How to calculate evidence

Return to Sumio Watanabe Homepage

Experiment and Theory

In order to calculate the evidence or the stochastic complexity, we can apply the Exchange Monte Calro method. Dr. Nagata proposed that it works very well in singular learning machines.

Kenji Nagata, Sumio Watanabe, "The Exchange Monte Carlo Method for Bayesian Learning in Singular Learning Machines," Proc. of WCCI2006, 2006. Paper (PDF in Dr. Nagata's page).

Recently he proved that the log canonical threshold \lambda ( -\lambda is the largest pole of the zeta function) determines the exchange ratio in the exchange Monte Calro method. PPT presented by Dr. Nagata . The following paper was identified by the Best Student Paper Award in FOCI IEEE 2007. He also proved that the optimal sequence of temperatures \beta is given by the geometrical progession.

Kenji Nagata, Sumio Watanabe, "Analysis of Exchange Ratio for Exchange Monte Carlo Method," Proc. of FOCI2007, 2007. Paper (PDF file in Dr. Nagata's page)

By comparing the experimental results and the theoretical results, we can estimate the true probability distribution from which the training samples are taken.
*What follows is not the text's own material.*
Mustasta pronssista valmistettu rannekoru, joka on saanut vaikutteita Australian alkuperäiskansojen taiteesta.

This process is called statistical inference or statistical learning.

(Remark to Statistical Physists)--------------
We know very well that the exchange Monte Carlo has been analyzed very well in statistical physics. However, its important property in machine learning was not sufficiently studied. In machine learning, especially in singular learning machines, the ground state of the a posteriori distribution is the set of zeros of a random Hamiltonian, whose expectation is equal to the analytic set with singularities or an algebraic variety in a finite dimensional affine space. Such a probability distribution is quite different from the equilibrium state of any physical phenomenon. In statistical physics, thermodynamical limit is important, whereas, in machine learning, the zero temperature limit is important. Note that, even in the zero temperature limit, the a posteriori distribution does not converge to one point. It converges to an analytic set with singularities or an algebraic variety. Therefore the partition function can not be obtained either by gaussian approximation (Laplace approximation) or by the mean field approximation. The state density function has a quite different form from statistical physics. The asymptotic behavior of the free energy was firstly clarified by algebraic analysis and algebraic geometry, resolution of singularities and Bernstein-Sato's b-function.
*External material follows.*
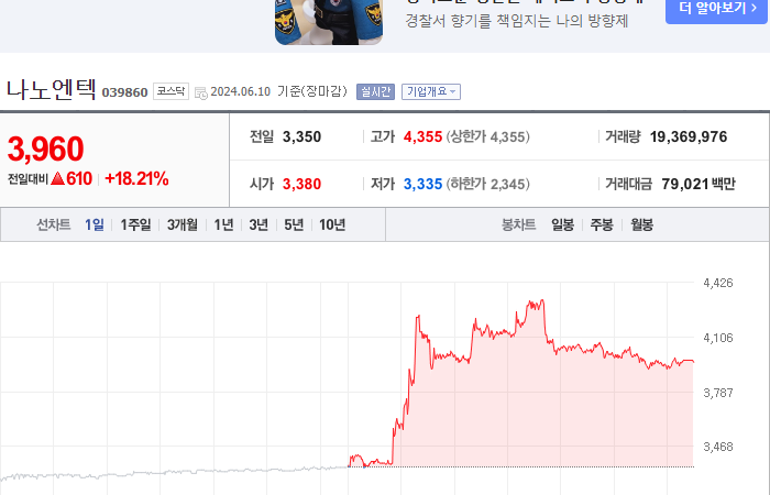19. 나노엔텍 등락률: +18.21%

We know that statistical physics has a lot of applications in machine learning. However, if you are a statistical physist, you had better know that they are not simple applications of statistical physics. In machine learning, there are different purpose and different Hamiltonian. Echange Monte Calro in machine learning has different property from that in statistical physics.

(Remark to Theoretical Physists) --------------
If you are a theoretical physist, you can find the mathematical relation between renormalization in Hamiltonian and Bernstein-Sato's b-function. For a given analytic function H(w) of a finite dimensional w, there exists a polynomial b(z) such that

P(w,z) H(w)^{z+1}=b(z)H(w)^{z}

for an arbitrary w and z. (Here z is a one-complex variable and P(w,z) is a diffenetial operator of w and polynomial of z). This formula enables us to make analytic continuation of the zeta function

\zeta(z)=\int H(w)^{z}dw

where dw is a probability distirbution with C-infinite form. If you are a theoretical physist, you immediately derive that the state density function

v(t)=\int \delta(t-H(w))dw

has an asymptotic expansion when t goes to zero by using the inverse Mellin transform.